Work required
Make an exact copy of the records, dropping all pictures.

Collected data
● ● ●
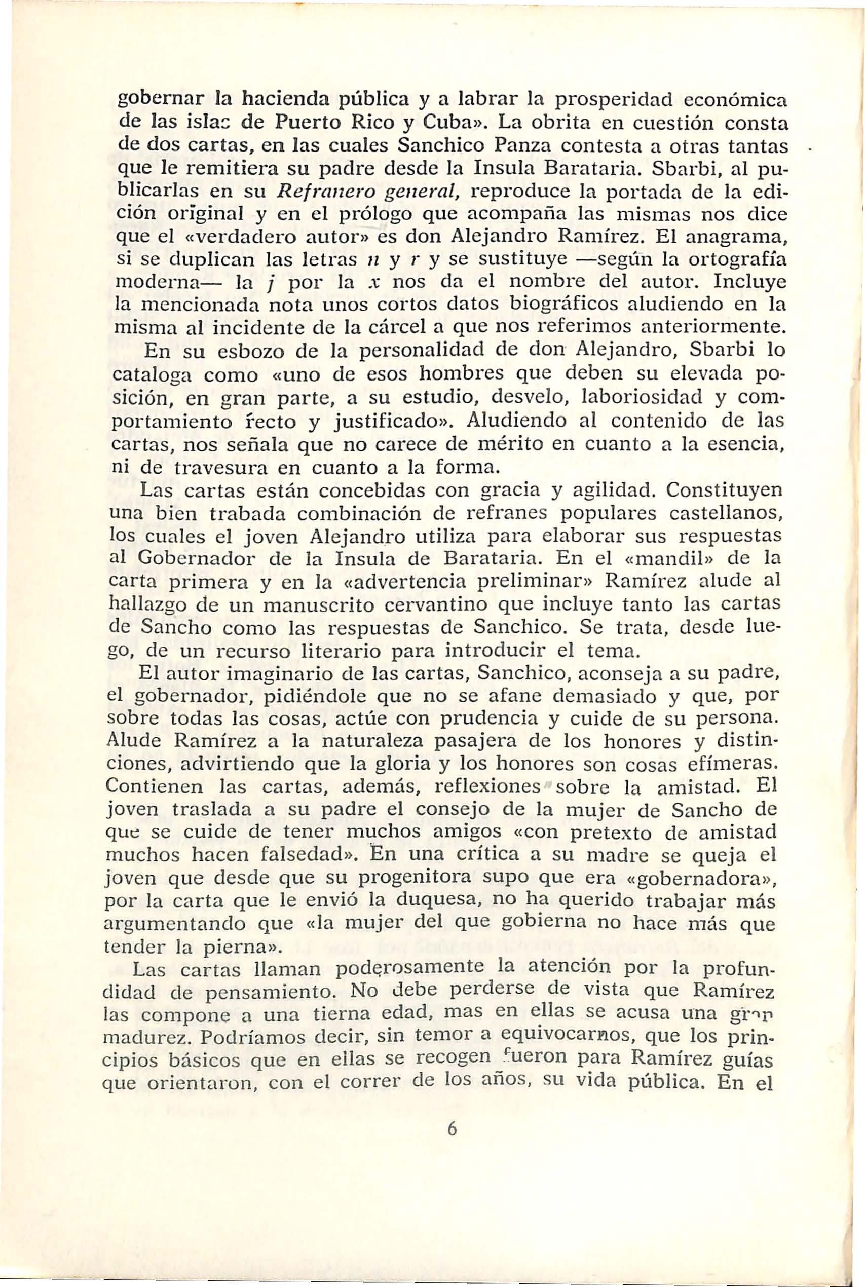gobernar la hacienda pública y a labrar la prosperidad económica de las de Puerto Rico y Cuba». La obrita en cuestión consta de dos cartas, en las cuales Sanchico Panza contesta a otras tantas que le remitiera su padre desde la Insula Barataria. Sbarbi , al publicarlas en su Refranero ge11eral, reproduce la portada de la edición original y en el prólogo que acompaña las mismas nos dice que el «verdadero autor» es don Alejandro Ramírez. El anagrama, si se duplican las letras 11 y r y se sustituye -según la ortografía moderna- la j por la x nos da el nombre del autor. Incluye la mencionada nota unos cortos datos biográficos aludiendo en la misma al incidente ele la cárcel a que nos referimos anteriormente.
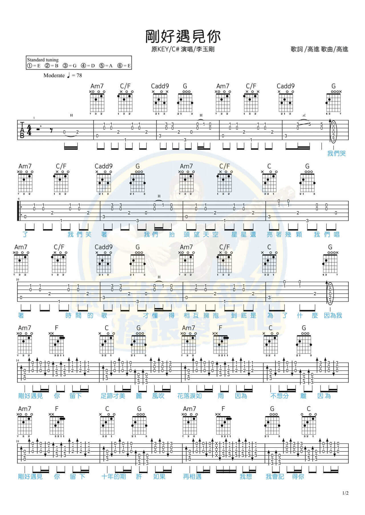 琴谱网为您精心推荐 刚好遇见你 高清图谱
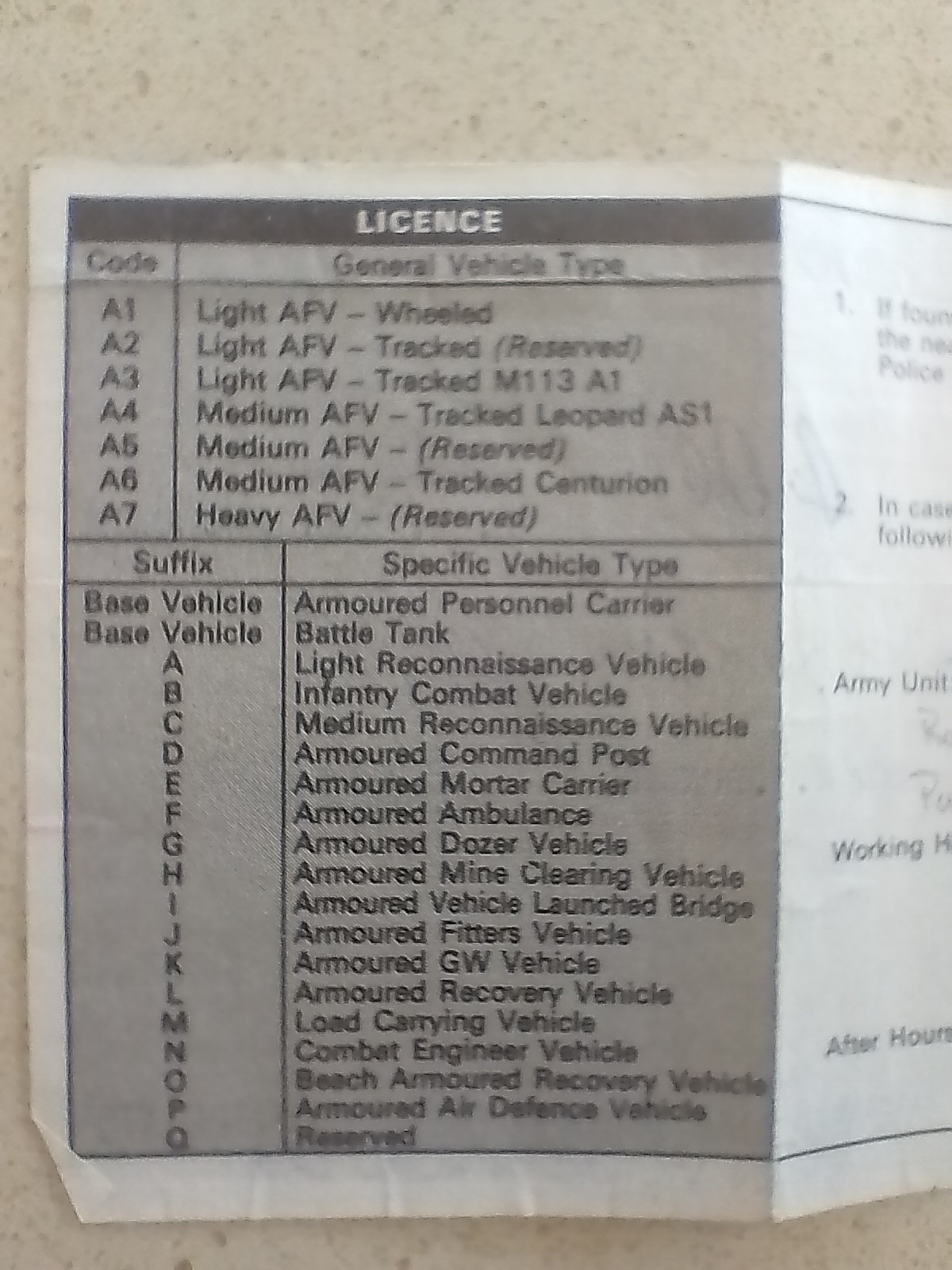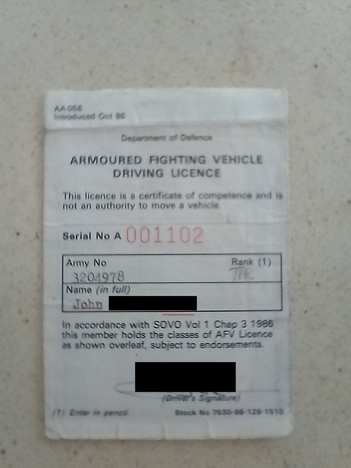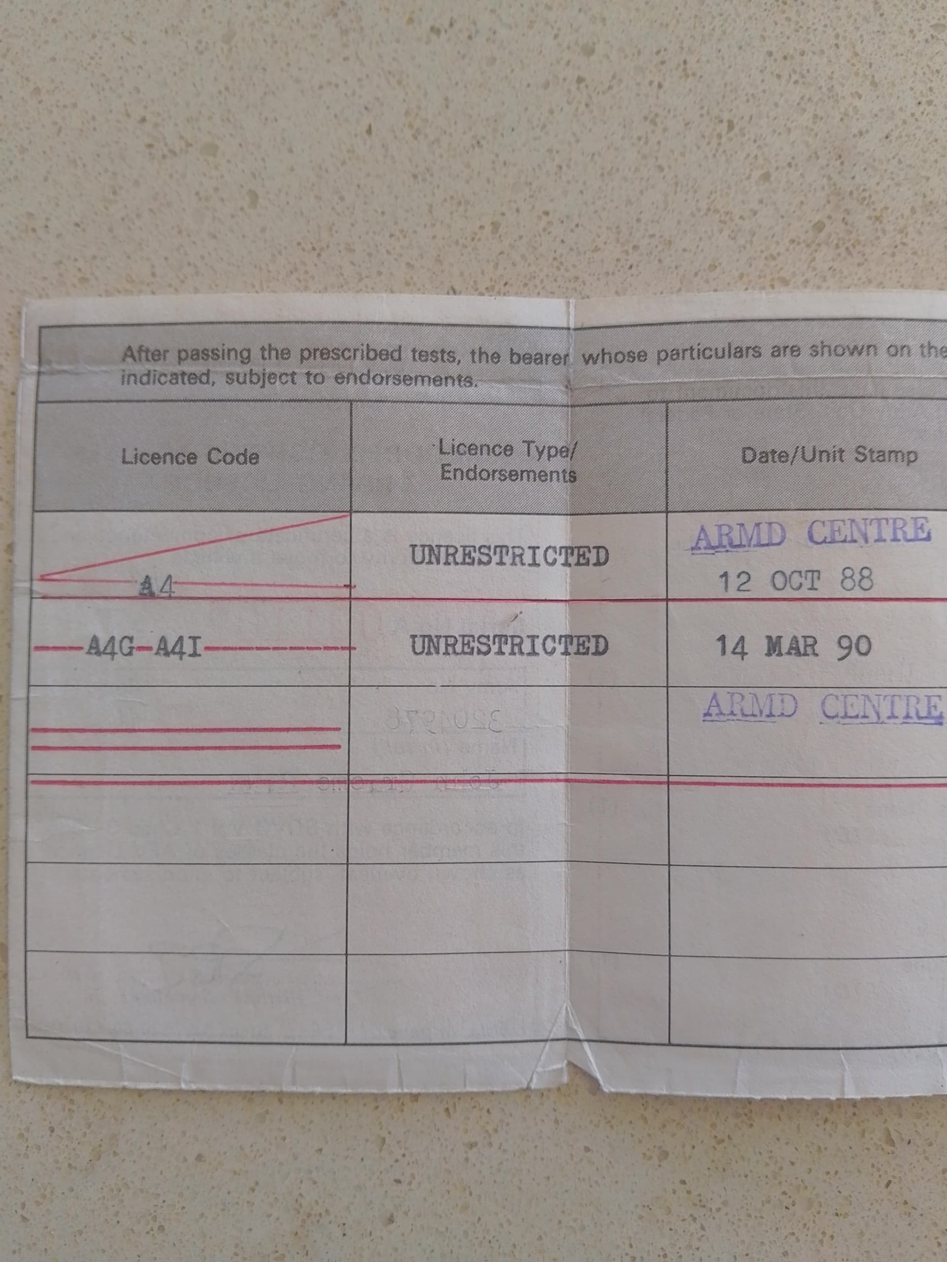 My A Vehicle drivers licence
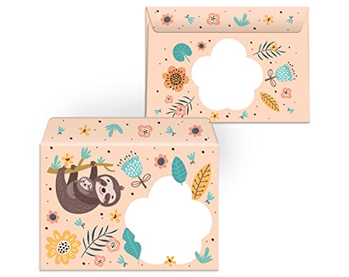 Dimensions : la carte a une taille de 10,50 cm x 14,80 cm, impression photo 300 g/m² et est finie avec un vernis UV brillant. L’enveloppe a une taille de 11,40 cm x 16,20 cm, impression de 80 g/m² et est autocollante (avec bande déchirable). Les sacs ont une taille de 14 x 22 cm. Les autocollants mesurent 5,2 x 14,8 cm.
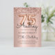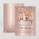 Torne a sua celebração de 75 anos inesquecível com este maravilhoso Rosa Dourado Convite para Balões. Projetado com balões de número de folha de ouro rosa, caligrafia por na moda, e uma estrutura de brilho brilhando, todos colocados contra um fundo metálico cor-de-rosa e suave. Uma escolha moderna e elegante para um aniversário marcante cheia de glamour e sofisticação.
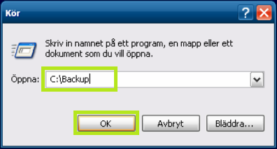 1.4. Ta fram sökvägen till den mapp där säkerhetskopiorna sparas
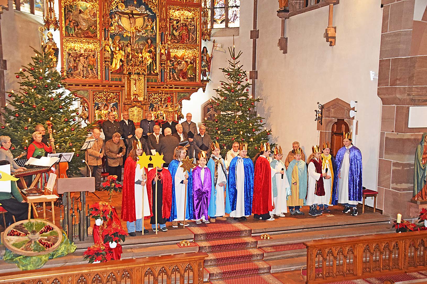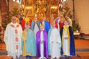 Vierzehn Buben und Mädchen hatten sich in diesem Jahr bereit erklärt, an mehreren Tagen von Haus zu Haus zu ziehen und Spenden für die Sternsingeraktion zugunsten der Kinder in Bangladesch zu sammeln. Sie nahmen am Gottesdienst in ihren prachtvollen Gewändern teil und spendeten am Ende des Gottesdienstes allen Gläubigen ihren Segensgruß. Pfarrer Gerner dankte den Sternsingern für ihren Dienst, ebenso dem Organisationsteam.
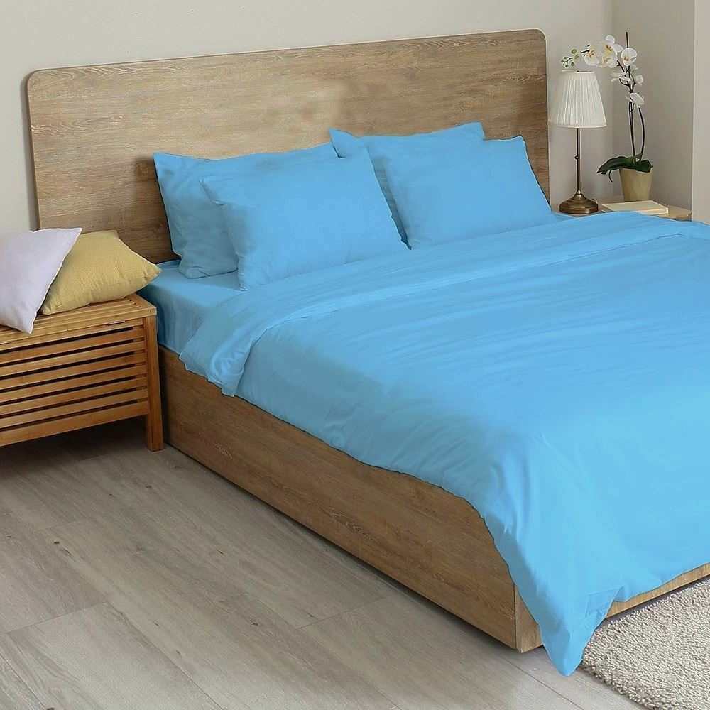 מצעי ג'רסי כחול עשויים 100% כותנה איכותית, רכה ונעימה. המצעים אוורירים, אינם מתקמטים ומתאימים למזרנים גבוהים.
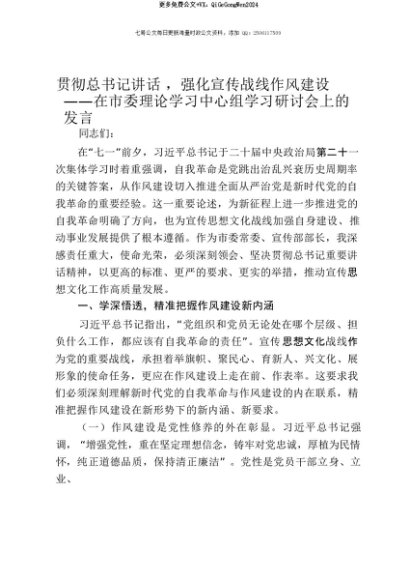 【七哥公文】2025年:【七哥公文】贯彻总书记讲话,强化宣传战线作风建设——在市委理论学习中心组学习研讨会上的发言+更多免费公文+VX:QiGeGongWen2024+更多免费公文+VX:QiGeGongWen2024
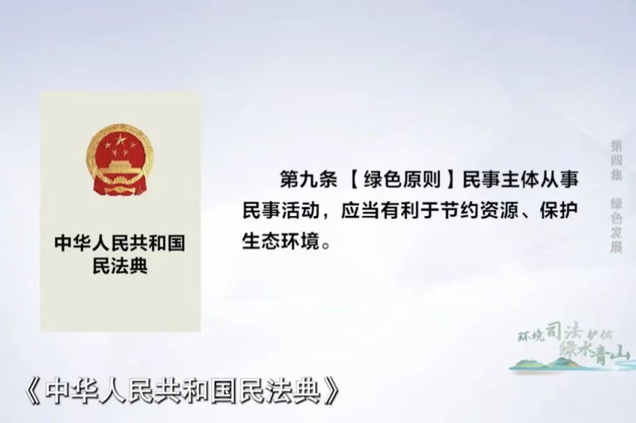 《中华人民共和国民法典》第九条规定,民事主体从事民事活动应当有利于节约资源,保护生态环境。这一条款也被成为“绿色原则”。
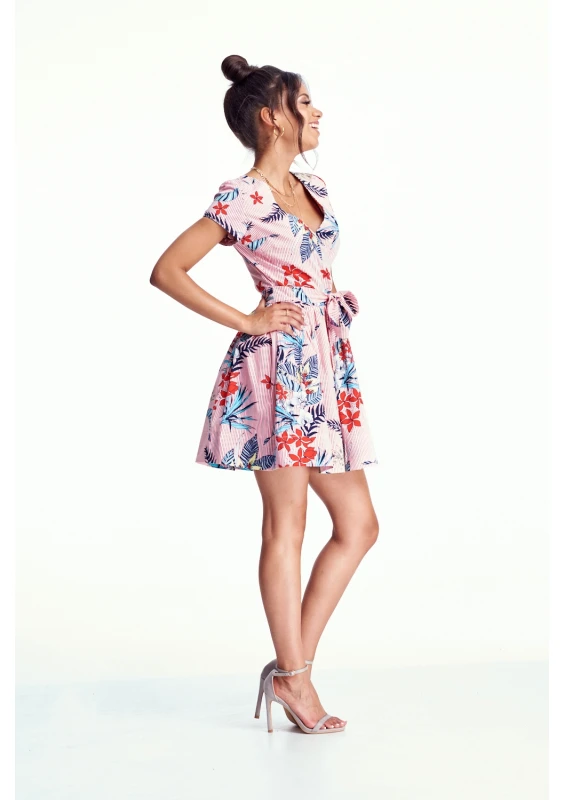 Lekka i przyjemna w dotyku popelina, krótki fason oraz uroczy, kwiatowy print - to idealne połączenie, które rewelacyjnie sprawdzi się w nadchodzącym sezonie. Podobnie jak letnia, bawełniana sukienka w pastelowym, różowym kolorze, idealna na mniej lub bardziej formalne wyjścia. Prezentowany model z pewnością zrobi furorę podczas wakacyjnych wyjazdów, letnich imprez i eleganckich weselnych przyjęć. Jednym z atutów sukienki zaprojektowanej przez Alicję Komar jest wysoka jakość wykonania i staranne wykończenie; prezentowany model został uszyty z miękkiej tkaniny bawełnianej o płóciennym splocie, który jest odporny na ścieranie, niezwykle lekki i doskonale przepuszcza powietrze, gwarantując komfort i wygodę nawet podczas wysokich temperatur.
● ● ●
Answer below
gobernar la hacienda pública y a labrar la prosperidad económica de las de Puerto Rico y Cuba». La obrita en cuestión consta de dos cartas, en las cuales Sanchico Panza contesta a otras tantas que le remitiera su padre desde la Insula Barataria. Sbarbi , al publicarlas en su Refranero ge11eral, reproduce la portada de la edición original y en el prólogo que acompaña las mismas nos dice que el «verdadero autor» es don Alejandro Ramírez. El anagrama, si se duplican las letras 11 y r y se sustituye -según la ortografía moderna- la j por la x nos da el nombre del autor. Incluye la mencionada nota unos cortos datos biográficos aludiendo en la misma al incidente ele la cárcel a que nos referimos anteriormente.
 琴谱网为您精心推荐 刚好遇见你 高清图谱
 My A Vehicle drivers licence
 Dimensions : la carte a une taille de 10,50 cm x 14,80 cm, impression photo 300 g/m² et est finie avec un vernis UV brillant. L’enveloppe a une taille de 11,40 cm x 16,20 cm, impression de 80 g/m² et est autocollante (avec bande déchirable). Les sacs ont une taille de 14 x 22 cm. Les autocollants mesurent 5,2 x 14,8 cm.
 Torne a sua celebração de 75 anos inesquecível com este maravilhoso Rosa Dourado Convite para Balões. Projetado com balões de número de folha de ouro rosa, caligrafia por na moda, e uma estrutura de brilho brilhando, todos colocados contra um fundo metálico cor-de-rosa e suave. Uma escolha moderna e elegante para um aniversário marcante cheia de glamour e sofisticação.
 1.4. Ta fram sökvägen till den mapp där säkerhetskopiorna sparas
 Vierzehn Buben und Mädchen hatten sich in diesem Jahr bereit erklärt, an mehreren Tagen von Haus zu Haus zu ziehen und Spenden für die Sternsingeraktion zugunsten der Kinder in Bangladesch zu sammeln. Sie nahmen am Gottesdienst in ihren prachtvollen Gewändern teil und spendeten am Ende des Gottesdienstes allen Gläubigen ihren Segensgruß. Pfarrer Gerner dankte den Sternsingern für ihren Dienst, ebenso dem Organisationsteam.
 מצעי ג'רסי כחול עשויים 100% כותנה איכותית, רכה ונעימה. המצעים אוורירים, אינם מתקמטים ומתאימים למזרנים גבוהים.
 【七哥公文】2025年:【七哥公文】贯彻总书记讲话,强化宣传战线作风建设——在市委理论学习中心组学习研讨会上的发言+更多免费公文+VX:QiGeGongWen2024+更多免费公文+VX:QiGeGongWen2024
 《中华人民共和国民法典》第九条规定,民事主体从事民事活动应当有利于节约资源,保护生态环境。这一条款也被成为“绿色原则”。
 Lekka i przyjemna w dotyku popelina, krótki fason oraz uroczy, kwiatowy print - to idealne połączenie, które rewelacyjnie sprawdzi się w nadchodzącym sezonie. Podobnie jak letnia, bawełniana sukienka w pastelowym, różowym kolorze, idealna na mniej lub bardziej formalne wyjścia. Prezentowany model z pewnością zrobi furorę podczas wakacyjnych wyjazdów, letnich imprez i eleganckich weselnych przyjęć. Jednym z atutów sukienki zaprojektowanej przez Alicję Komar jest wysoka jakość wykonania i staranne wykończenie; prezentowany model został uszyty z miękkiej tkaniny bawełnianej o płóciennym splocie, który jest odporny na ścieranie, niezwykle lekki i doskonale przepuszcza powietrze, gwarantując komfort i wygodę nawet podczas wysokich temperatur.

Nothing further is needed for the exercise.